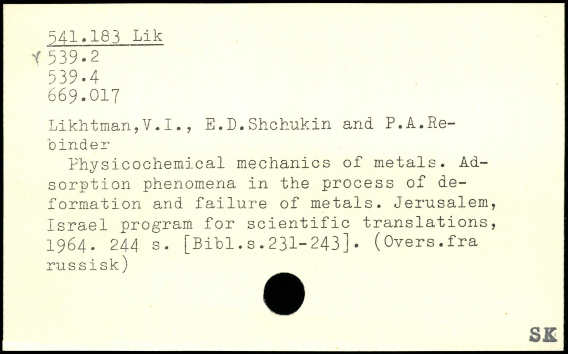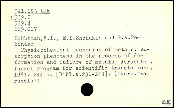 Forfatter: V.I. Likhtman, E.L. Shchukin, P.A. Rebinder
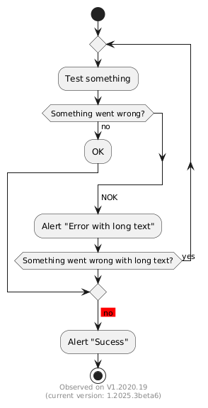@startuml start repeat :Test something; if (Something went wrong?) then (no) :OK; break endif ->NOK; :Alert "Error with long text"; repeat while (Something went wrong with long text?) is (yes) -><back:red> no ; :Alert "Sucess"; stop footer Observed on V1.2020.19\n(current version: %version()) @enduml
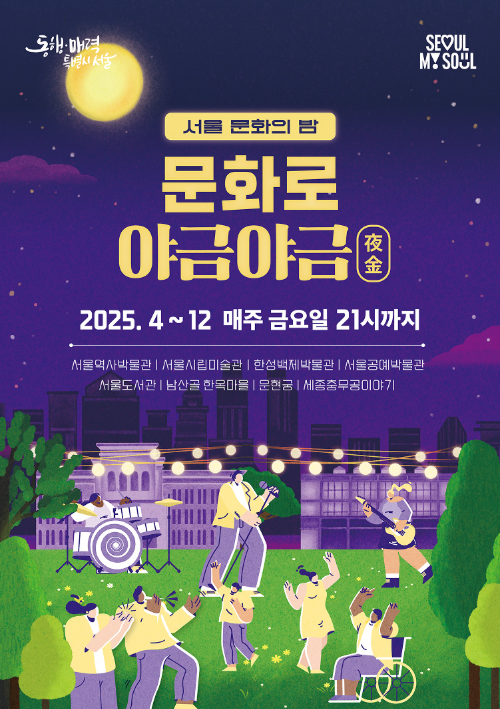 - '문화로 야금야금'은 매주 금요일 밤 서울시립 문화시설 8곳에서 진행되는 야간 개방 프로그램이에요.
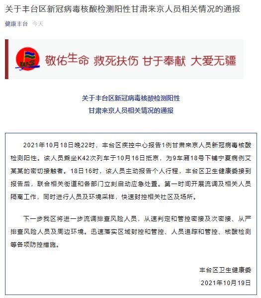 荔枝新闻讯 据健康丰台微信公众号消息,2021年10月18日晚22时,丰台区疾控中心报告1例甘肃来京人员新冠病毒核酸检测阳性。该人员乘坐K42次列车于10月16日抵京,为9车厢18号下铺宁夏病例艾某某的密切接触者。18日16时,该人员主动报告个人行程,丰台区卫生健康委接到报告后,联合相关街道和各部门立刻启动应急处置。第一时间开展流调及相关人员隔离工作,同时进行人员及环境采样,快速封控相关社区及场所。

TASK REQUIREMENTS »
Repeat the full listing above exactly, with no pictures in the copy.

SOLUTION FOR THIS TASK »
 Forfatter: V.I. Likhtman, E.L. Shchukin, P.A. Rebinder
@startuml start repeat :Test something; if (Something went wrong?) then (no) :OK; break endif ->NOK; :Alert "Error with long text"; repeat while (Something went wrong with long text?) is (yes) -><back:red> no ; :Alert "Sucess"; stop footer Observed on V1.2020.19\n(current version: %version()) @enduml
 - '문화로 야금야금'은 매주 금요일 밤 서울시립 문화시설 8곳에서 진행되는 야간 개방 프로그램이에요.
 荔枝新闻讯 据健康丰台微信公众号消息,2021年10月18日晚22时,丰台区疾控中心报告1例甘肃来京人员新冠病毒核酸检测阳性。该人员乘坐K42次列车于10月16日抵京,为9车厢18号下铺宁夏病例艾某某的密切接触者。18日16时,该人员主动报告个人行程,丰台区卫生健康委接到报告后,联合相关街道和各部门立刻启动应急处置。第一时间开展流调及相关人员隔离工作,同时进行人员及环境采样,快速封控相关社区及场所。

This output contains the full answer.